内科系の腫瘍がある方ですが、認知症もあるため‘これ以上積極的な治療の適応がない’として、緩和ケアにシフトしていく方針で当院に紹介となりました。(当院は訪問診療も行っているため)
3ヶ月前の初診時、紹介状に認知症のタイプについては記載されていませんでした。認知症については、5年前から精神科に通院されていたのです。そこでリスパダール1mg、アーテン2mg、リスミーなどが処方されていました。
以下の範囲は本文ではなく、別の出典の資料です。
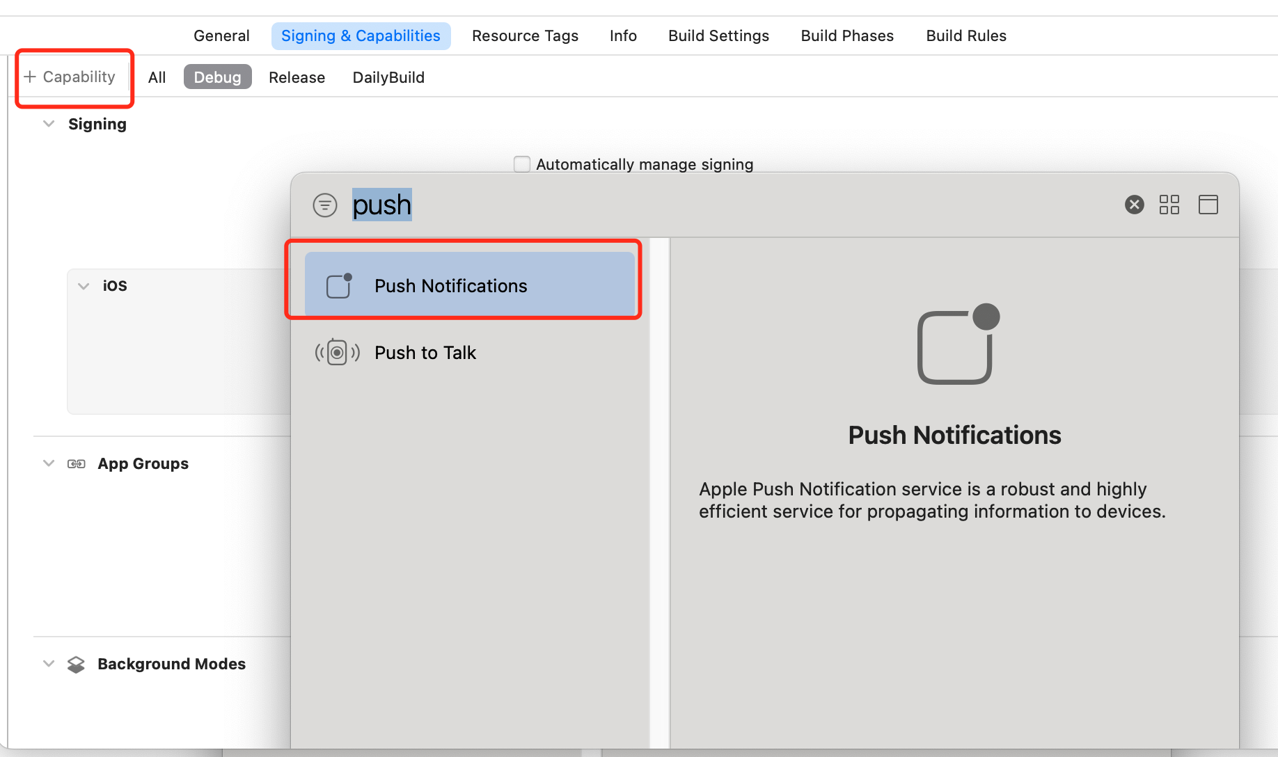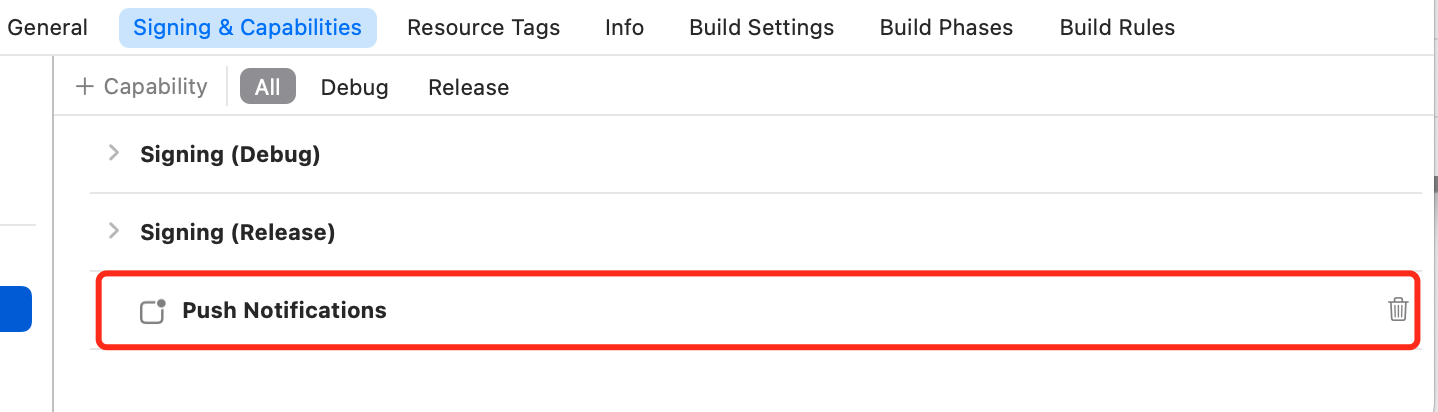 完成证书 ID 配置之后,您需要开启应用的 Push Notifications 能力:

「薬が始まって認知症症状は良くなりましたか?」と聞いたところ、ご主人がボソッと「いや、むしろ悪くなった気がする。歩けなくなった。」と。初診時、長谷川式は12点、暗い表情で口をモグモグさせており(Oral dyskinesia)歯車様固縮がしっかりありました。以前はしょっちゅう転倒しては頭を打撲しており、最近は臥床しがちとのことです。レビー小体型認知症だと思いました。(後日時間をかけて診察すると、レビースコア10点、ピックスコアも5点でLPCと診断しました。以前は気に入らない人に物を投げることもあったというエピソードからは、ピックの要素を感じます。)

 あちこち通院されるのも大変になってきたとのことで、今後は内科も精神科も当院で処方をまとめることになりました。最初に行ったのは、レビーの歩行を悪化させるリスパダールを中止することでした。次にアーテンをメネシットに変更しソラナックスを中止すること。
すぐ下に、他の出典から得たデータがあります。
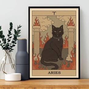 Quadro carta tarot gato signo áries 24x18cm Moldura: madeira preta Informações do produto tire todas as suas dúvidas no descritivo abaixo: decoração para quarto, sala, cozinha, escritório, área gourmet e muito mais. Chega de paredes vazias medidas - cada peça tem 24x18cm a5 . Material do papel - papel fotográfico brilhante de altíssima resolução acabamento - todos os quadros são acompanhados de uma película de acetato para proteção da imagem. - os quadros são embalados de forma segura com plástico bolha com camada dupla de acordo com o tamanho dos quadros. Garantia - garantia de 3 meses. Meu quadro chegou. Como posso fixá-lo Você precisa apenas de um martelo e um prego, pois os quadros já vão acompanhados de penduradores. Esta é a forma mais indicada. Caso prefira, você pode utilizar uma fita dupla face neste caso, sugerimos de alta qualidade para evitar que descole e seu quadro caia . Como posso limpar meu quadro A limpeza é feita como um móvel comum da sua casa. Apenas um pano seco ou espanador são suficientes para tal
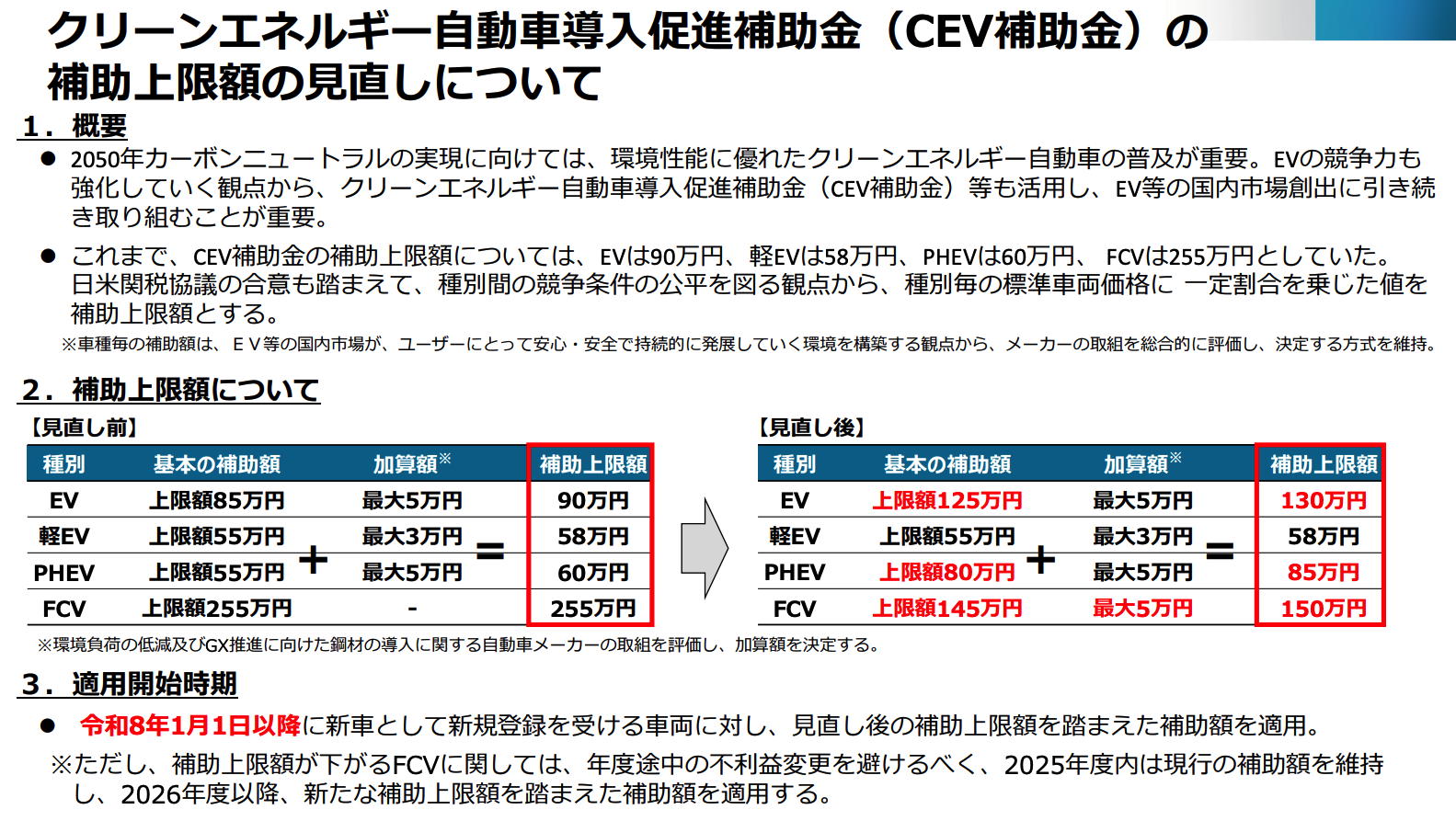 <重要>令和6年度補正 CEV 補助金(車両) 令和8年1月1日以降登録(届出)分の補助額について

 リスパダールを中止して1ヶ月半ほどたった頃、驚くことに紹介元の総合病院の先生からお手紙を頂いたのです。
「リスパダールを中止してから、こちらの治療がしやすくなり感謝しています。」
腫瘍に対しまだ残された治療をしていたのですが、その時の本人のコミュニケーション能力、歩行能力がかなり改善しそのため治療がスムーズになったとの、とても嬉しいお手紙でした。その後ご本人が受診されたのですが、確かに驚くほど改善していました。自宅でもほとんど転ばなくなったとのこと。
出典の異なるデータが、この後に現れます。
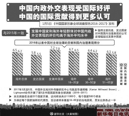 | 《中国国家形象全球调查报告2016—2017》发布报告还显示:年轻群体评价更高
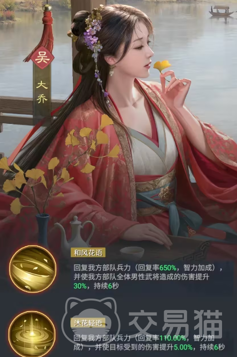 首位推荐的是吴国名将大乔。作为泛用性极强的女性辅助,她兼具群体治疗与定向增伤双重职能。当其担任主将时,可为全体友军恢复高达650%兵力的数值,有效缓解前中期战损压力。更关键的是,其技能对当前上阵的所有男性武将额外提供30%的伤害加成,持续6秒;同时自身还附带5%的承伤减免效果,进一步提升团队容错率。配合吴国体系或以男性输出为核心的阵容,大乔能显著放大整体作战效能。
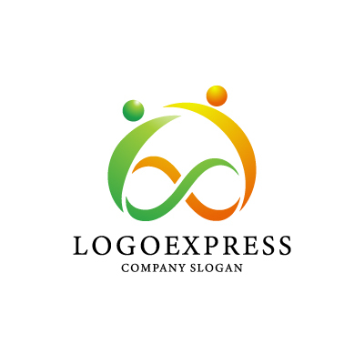 鮮やかな緑色のグラデーションは、自然、成長、生命力、健康、そして持続可能な未来を象徴し、企業のエコロジーな姿勢と健全な発展を表現します。暖かなオレンジから黄色へのグラデーションは、活力、希望、ポジティブなエネルギー、そして未来への前向きな推進力を意味し、見る人に明るく活気ある印象を与えます。二つの人型が向かい合う(または抱き合う)形は、繋がり、協力、コミュニティ、相互支援、そして人間中心の価値観を示唆し、無限のシンボルは、継続的な成長、途切れない関係性、そして無限の可能性を表現します。全体の円形を思わせるデザインは、一体感、包括性、グローバルな視野を伝えます。NPO、教育機関、ウェルネス、環境関連企業、人材サービス、地域コミュニティ、家族向けサービスなど、繋がり、成長、希望、そして人間中心の価値をアピールしたいあらゆる業界に最適です。
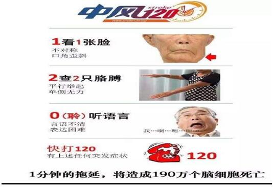 如有出現口角歪、單側無力、言語不清等癥狀應立即撥打“120”或我院急救電話“029-33779595”。在卒中的治療中,國際上一直強調“時間就是大腦”,也就是說,如果患者越早到達醫院并獲得治療,那么生命得到挽救的可能性越高,預后越好。

驚くことはまだまだ続きます。あまりにも改善が著しかったため、総合病院で当初はまず無理だろうと思われていた手術まで、再検討しようという方針になったのです。結果的には外科の先生とご家族の話し合いの中で、自宅で過ごせる時間を大切にしようと手術は行わないという結論に達しましたが。私自身は、その方の総合的な状態を考えると必ずしも手術をすることが正解かどうか微妙なところなので、手術をしないのも一つの選択肢かとは思います。ただ、全く認知症に関わっていない別の先生の目から見て、もしかすると手術もいけるかんじゃないか、と短期間に方針を変更されるケースはあまり経験したことがないので、それほど見た目の印象が変わったという事実を素晴らしいと思いました。訪問診療も行う者として、この方に残された人生の大切な時間を、できるだけ家族と穏やかに過ごして頂こう、最後のお別れの時まで継続して力になろうという意欲でいっぱいです。リバスタッチパッチを追加したのがごく最近のことなので、もっともっと良くなるという期待を持っています。この方の長谷川式は…なんと22点になっていました。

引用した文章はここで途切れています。